Alle haben mit Ihrer Schaffenskraft und Kreativität unsere Sinne geöffnet, sie haben uns inspiriert, gerührt und begeistert mit Ihren künstlerischen Arbeiten. Der Praemium Imperiale stellt die Künste in den Mittelpunkt, fördert Dialog und Austausch und würdigt damit die Bedeutung von Kunst und Kultur Jahr für Jahr in ihrer Eigenständigkeit und Eigenwilligkeit, aber auch in ihrer grenzüberschreitenden und spartenübergreifenden Bedeutung – ganz im Sinn der ursprünglichen Mission der Japan Art Association, eine Lerngemeinschaft zu bilden, der eine Wertschätzung für die Vielfalt der Kulturen zugrunde liegt.
 
Japanische Kunst war für die Entwicklung der europäischen Moderne von grundlegender Bedeutung.  Aktuell zeigt in Deutschland das Museum Folkwang in Essen eine große Sonderausstellung zum Einfluss japanischer Bildkunst auf die Kunstszene im Frankreich des späten 19. und frühen 20. Jahrhunderts: „Monet, Gauguin, van Gogh … Inspiration Japan“ widmet sich einem der faszinierendsten Kapitel der westlichen Moderne – der Zeit, in der europäische Avantgarde vom Fernen Osten lernten.
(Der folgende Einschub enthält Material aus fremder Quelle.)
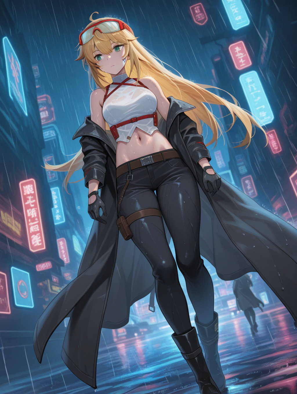 futureknight, 1girl, solo, 금발, 긴 눈, 녹색 눈, 고글, 장갑, 머리에 고글, 배꼽, 검은 바지, 바지, 검은 장갑, 부츠, 벨트, 셔츠, 허리, 흰 셔츠, 재킷, 검은 신발, ahoge, 검은 재킷, 열린 옷, 코트, 머리에 안경, 소매 없음, 소매 없는 셔츠, 어깨 노출, 중간 크기 가슴, 검은 코트, 어깨 노출,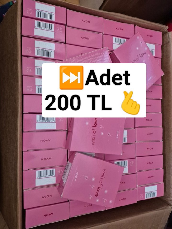 Avon markalı wish of love kutusunda ve düzenli şekilde istiflenmiş. Adet fiyatı 200 TL.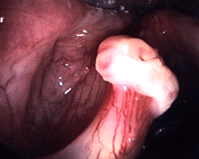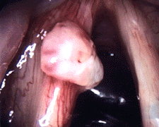 The diagrams below show an example of a T1 laryngeal cancer on the midportion of the left vocal fold. Both images were taken with a laryngeal telescope. The image to the right was taken with a 70 degree slope that looks at an angle of 70 degrees. In these photos the front of the neck is at the top, and the vocal folds form an upside down V. This tumor is sitting on the left true vocal fold.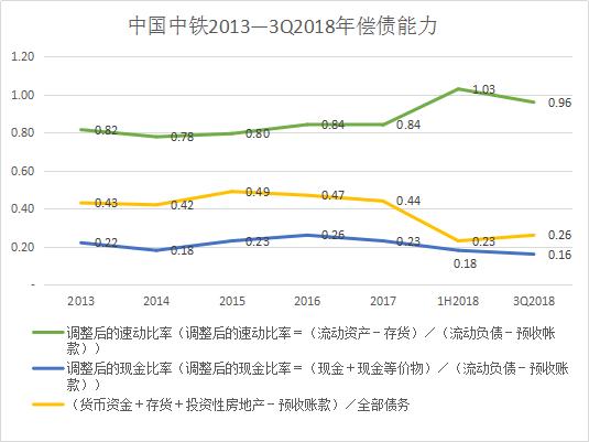 长期偿债能力方面,通过“(货币资金+存货+投资性房地产-预收账款)/全部债务”指标来分析企业的长期偿债能力。2018年上半年中国中铁的该项指标同比下降47.7%降至0.23,低于标准排名统计的100家上市房企的1/4分位数0.5。2018年第三季度,指标稍有回升至0.26。根据其行业排名,中国中铁表现出较差的长期偿债能力。
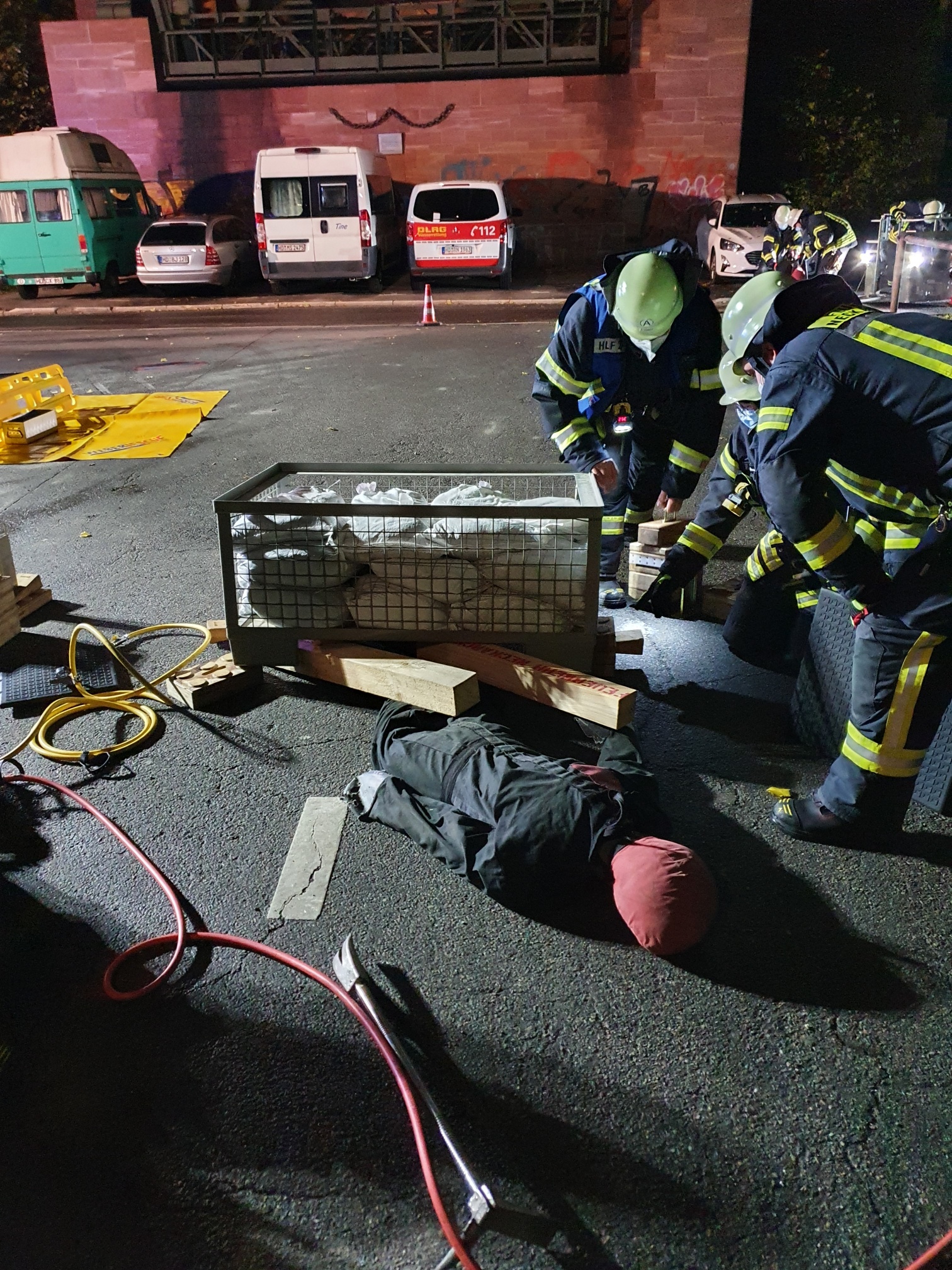Mehrere Trupps waren für die Absperrung und die ausreichende Beleuchtung der Einsatzstelle verantwortlich. Der verletzte Arbeiter, welcher in seinem Sicherungsgurt hing, wurde durch den Angriffstrupp der Drehleiter gerettet und an den Rettungsdienst übergeben. Der verletzte Passant wurde durch den Angrifftstrupp und Wassertrupp des Hilfeleistungslöschgruppenfahrzeugs mit Hilfe von hydraulischem Rettungsgerät von den Teilen der Arbeitsbühne befreit und an den Rettungsdienst übergeben. Die Arbeiterin erlitt durch den Schock einen Herz-Kreislauf-Stillstand. Sie konnte durch sofort eingeleitete Erste-Hilfe-Maßnahmen sowie eine Reanimation gerettet werden.

Die Japan Art Association spiegelt heute diesen Kulturaustausch wider: Die Gründungsidee war vor 125 Jahren zwar der Schutz und die Förderung der traditionellen japanischen Kultur.  Mit dem Praemium Imperiale öffnete sich die Stiftung aber der Welt. Neues Ziel war es fortan, die „eigene“ und die jeweils „andere Kultur“ in einen Dialog zu bringen.  
 
Nie war der Praemium Imperiale deshalb wichtiger als heute, in einer Zeit des globalen Wettbewerbs, mit veränderten Macht- und Einflusssphären, mit radikalen Auf- und Umbrüchen, mit abgeschotteten Gesellschaften und unterschiedlichen demographischen Entwicklungen, in einer Zeit, die stark geprägt ist durch Spektakel und Glamour, Kunst als Event, als dekoratives Element, als Entertainment, verstärkt durch die zunehmende Ökonomisierung aller Lebensbereiche und durch die physischen und digitalen Parallelwelten, mit der zunehmenden Beschleunigung der Zeit und der Flüchtigkeit der Ereignisse.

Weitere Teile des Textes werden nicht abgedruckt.